There already is a solution
For ages, the possibility of redirecting wrong URLs to the correct version has existed through the use of 301-redirects. Searchengines follow these instructions and take the destination-page into the index. The actual problem can be found somewhere else: most web-applications do not know their correct URL, therefore they can not distinguish between the queried and the correct URL and, in the case of a discrepancy, use a 301-redirect. Seeing that the newly introduced tag also requires the website to know its “correct” URL, I do not think this to be an improvement.

New links are scattered
Pages are being linked with the URL that is used to open them in a browser. This should not be much of a surprise, however, when following the proposal, this will have a negative impact.

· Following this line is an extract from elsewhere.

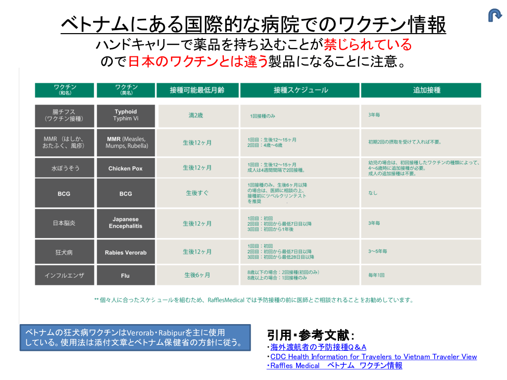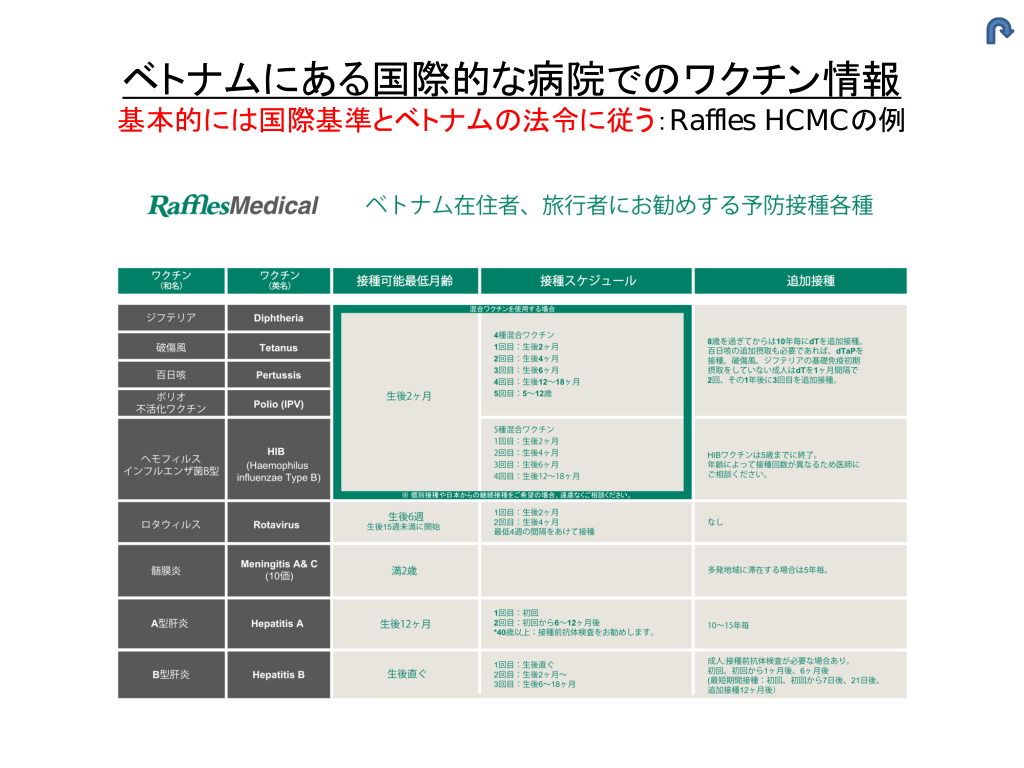 #104. ベトナムにある国際的な病院でのワクチン情報 基本的には国際基準とベトナムの法令に従う:Raffles HCMCの例
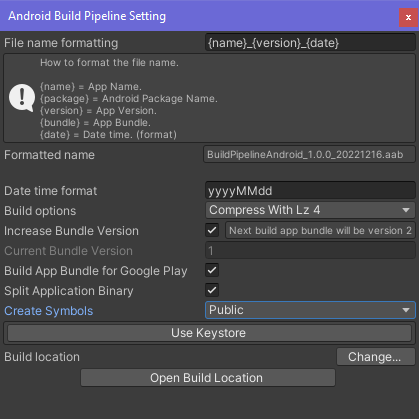 This is a build tools for Unity Editor that easier to use. Include custom format name and auto increment bundle every perform a build. Created by Thanut Panichyotai (@LuviKunG)

Lets start out with an example of a solution using a 301-redirect:

301

The websurfer gets redirected to the correct URL, can view it in the addressbar of the browser and will link or quote that URL. This redirection is missing though if the “Canonical”-tag is set:

301

New links to this one page are not pooled on that page but spread over the different versions, all of which are online under different URLs. In the end you are left to trust that the searchengines will transfer the linkjuice as completely as possible to your mainpage.

The proposal by Google, Yahoo and Microsoft is alleviating symptoms rather than eliminating their cause. New and proprietary HTML-tags are introduced even though there are already established ways of solving this problem.